December 30, 2008

"What about Brett Fav...ruh?" - Redux

New year, same old shit from #4:

While most of the Jets spent Monday afternoon packing their belongings into garbage bags, the space reserved for their most famous teammate, quarterback Brett Favre, was already empty.

The question that lingers as the Jets begin their off-season is: Is he gone for good?

"I'm pleading with him," receiver Chansi Stuckey said. "I'm probably going to be calling and texting him every single day to make sure he comes back."

The chances that Favre will return next season appear unlikely, as evidenced by his age (39), his ailing shoulder and his news conference after the Jets' loss to the Dolphins in the season finale. Still, the team owner, Woody Johnson, and General Manager Mike Tannenbaum said Monday that they wanted Favre back.

As has been the case for the past five years, Favre could end this speculation by simply saying, "Yes, I'll back" in his best Terminator voice or "No, I'm done." Instead, he's going back to Mississippi to sulk for another few months.

A report on Foxsports.com said sources close to Favre said he did not like playing for Eric Mangini, whom the Jets fired Monday.

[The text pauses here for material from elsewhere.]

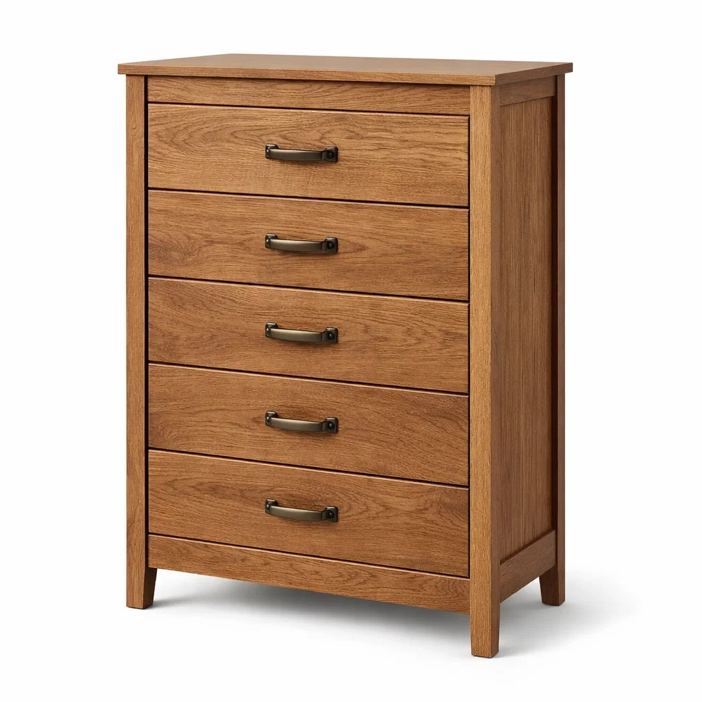 Cette commode est fabriquée en bois de chêne clair avec une structure robuste. Elle comprend cinq tiroirs spacieux, chacun équipé de poignées en métal sombre.

It said Mangini had called Favre into the "principal's office" to discuss his high number of interceptions.

Favre led the league with 22 interceptions, matching his number of touchdown passes. He passed for 3,472 yards, his lowest since 2003. In Favre's last five games, four of them losses, his highest passer rating was 61.4.

Mangini made quite a few bad calls, but when your QB is throwing two picks a game down the stretch because he doesn't want to settle down into a run-based offense, which is really how New York was set up the last couple seasons, you're not going to win. So now the coach formally known as "Mangenius" is out and the junky QB will keep the Jets dangling on the line while he makes up his mind.

Johnson defended Favre, whom the Jets traded for in August. "Brett Favre was a huge positive for this franchise," he said.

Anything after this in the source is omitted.